30分の反応によって262.4μgのピリドキサールが得られ、乾燥菌体重量当たりのピリドキサール生成速度は5.8μmol/min/g−dry cellであった。
【0222】
比較例7 ドライイーストによるピリドキシンを基質としたピリドキサール合成
スーパーカメリヤ ドライイースト(商品名、日清)を100mg/mlになるよう水で懸濁し、菌体懸濁液を得た。
基質液として、実施例24の基質液と同じ組成のものを調製し、実施例24の反応条件と同じ条件で反応を行った。
反応終了後に反応液の一部を採取して高速液体クロマトグラフィー(HPLC)によって、実施例24と同様の条件で分析を行った。
30分の反応によって34.1μgのピリドキサールが得られ、乾燥菌体重量当たりのピリドキサール生成速度は0.9μmol/min/g−dry cellであった。
【0223】
実施例27 ピリドキシンデヒドロゲナーゼ発現株によるピリドキサールを基質としたピリドキシン合成
実施例26と同様に菌体懸濁液を調製し、基質液として実施例25の基質液と同じ組成のものを調製し、実施例25の反応条件と同じ条件で反応を行った。
反応終了後に反応液の一部を採取して高速液体クロマトグラフィー(HPLC)によって、実施例24と同様の条件で分析を行った。
30分の反応によって1457.4μgのピリドキシンが得られ、乾燥菌体重量当たりのピリドキシン生成速度は33.5μmol/min/g−dry cellであった。
【0224】
比較例8 ドライイーストによるピリドキサールを基質としたピリドキシン合成(乾菌体重量当たりのピリドキシン生成速度)

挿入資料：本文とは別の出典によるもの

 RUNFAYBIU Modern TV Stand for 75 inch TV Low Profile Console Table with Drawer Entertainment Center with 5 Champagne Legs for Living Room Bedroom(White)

比較例7と同様に菌体懸濁液を調製し、基質液として実施例25の基質液と同じ組成のものを
調製し、実施例25の反応条件と同じ条件で反応を行った。
反応終了後に反応液の一部を採取して高速液体クロマトグラフィー(HPLC)によって、実施例24と同様の条件で分析を行った。

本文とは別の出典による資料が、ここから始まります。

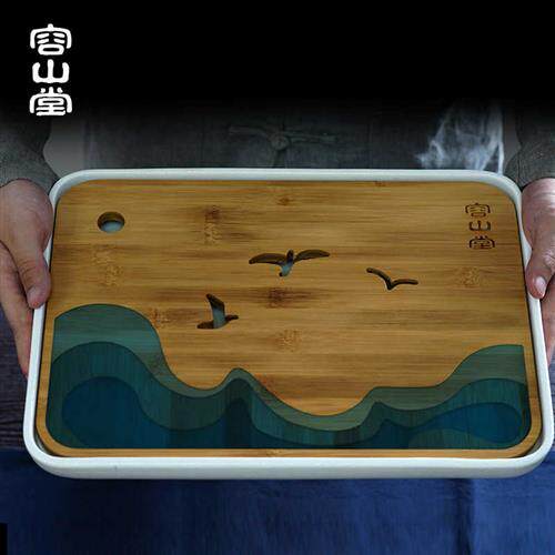 容山堂创意家用茶盘壶承功夫茶具茶席小托盘竹制储水式干泡台

30分の反応によって325.3μgnoピリドキシンが得られ、乾燥菌体重量当たりのピリドキシン生成速度は13.9μmol/min/g−dry cellであった。
【0225】
実施例26〜27及び比較例7〜8の結果を表7に示す。実施例26及び27では、比較例7及び8と比較して、ピリドキサール又はピリドキシンの収量及び生成速度は顕著に優れていた。実施例26では、比較例7の約8倍のピリドキサール収量が得られ、乾燥菌体重量1g当たりの生成速度は約6.5倍であった。実施例27では比較例8の約4.5倍のピリドキシン収量が得られ、乾燥菌体重量1g当たりの生成速度は約2.5倍であった。
【0226】
【表7】
【0227】
2017年5月12日に出願された日本国特許出願2017−095571号及び2017年5月12日に出願された日本国特許出願2017−095573号の開示は、その全体が参照により本明細書に取り込まれる。
本明細書に記載された全ての文献、特許出願、及び技術規格は、個々の文献、特許出願、及び技術規格が参照により取り込まれることが具体的かつ個々に記された場合と同程度に、本明細書中に参照により取り込まれる。